Work required:
Retype the lines below exactly, but only those from the line that has "Von links: Vorstand" through the line that has "2023年8月的乘用车销量数". Omit every picture.

-------- Records

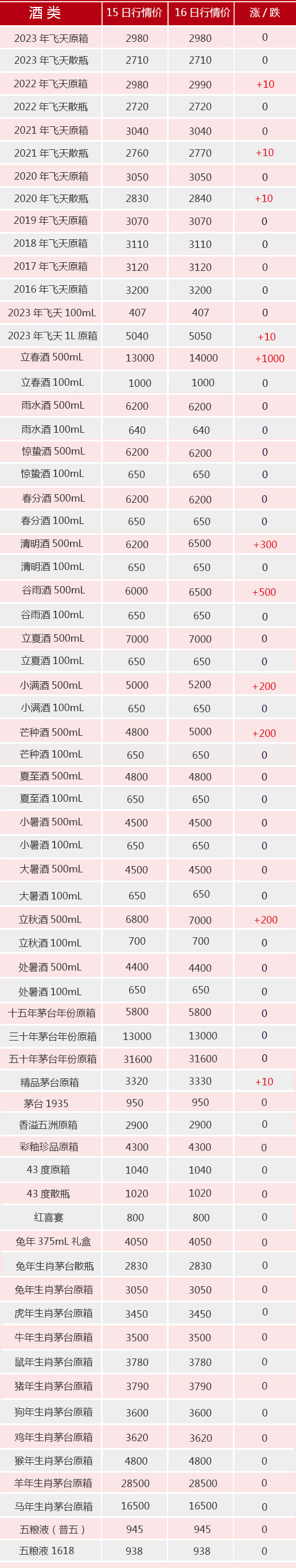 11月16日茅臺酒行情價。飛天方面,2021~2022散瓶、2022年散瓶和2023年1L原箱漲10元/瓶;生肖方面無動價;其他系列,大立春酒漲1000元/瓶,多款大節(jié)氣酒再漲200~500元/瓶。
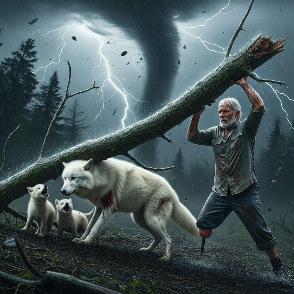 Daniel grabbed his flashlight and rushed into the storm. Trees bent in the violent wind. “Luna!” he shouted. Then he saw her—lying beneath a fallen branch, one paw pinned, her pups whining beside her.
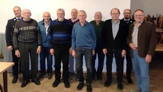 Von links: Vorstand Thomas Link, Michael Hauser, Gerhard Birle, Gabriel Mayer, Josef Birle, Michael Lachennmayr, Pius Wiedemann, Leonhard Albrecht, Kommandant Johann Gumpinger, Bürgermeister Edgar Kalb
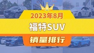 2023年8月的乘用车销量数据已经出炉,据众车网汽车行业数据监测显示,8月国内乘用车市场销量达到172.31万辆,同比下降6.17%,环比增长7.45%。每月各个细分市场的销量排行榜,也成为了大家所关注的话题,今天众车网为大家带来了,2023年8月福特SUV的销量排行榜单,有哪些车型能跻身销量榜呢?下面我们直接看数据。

----------------
-------- Records

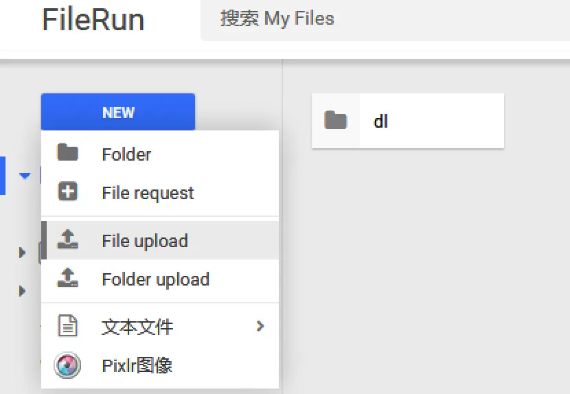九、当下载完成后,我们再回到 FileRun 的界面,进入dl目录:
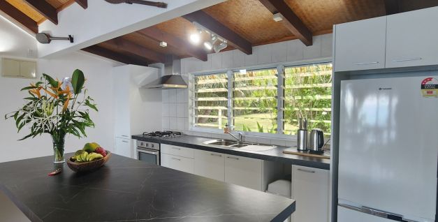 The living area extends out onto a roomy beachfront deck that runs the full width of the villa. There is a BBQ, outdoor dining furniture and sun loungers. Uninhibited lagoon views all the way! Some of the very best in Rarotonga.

----------------

Task response:
 Von links: Vorstand Thomas Link, Michael Hauser, Gerhard Birle, Gabriel Mayer, Josef Birle, Michael Lachennmayr, Pius Wiedemann, Leonhard Albrecht, Kommandant Johann Gumpinger, Bürgermeister Edgar Kalb
 2023年8月的乘用车销量数据已经出炉,据众车网汽车行业数据监测显示,8月国内乘用车市场销量达到172.31万辆,同比下降6.17%,环比增长7.45%。每月各个细分市场的销量排行榜,也成为了大家所关注的话题,今天众车网为大家带来了,2023年8月福特SUV的销量排行榜单,有哪些车型能跻身销量榜呢?下面我们直接看数据。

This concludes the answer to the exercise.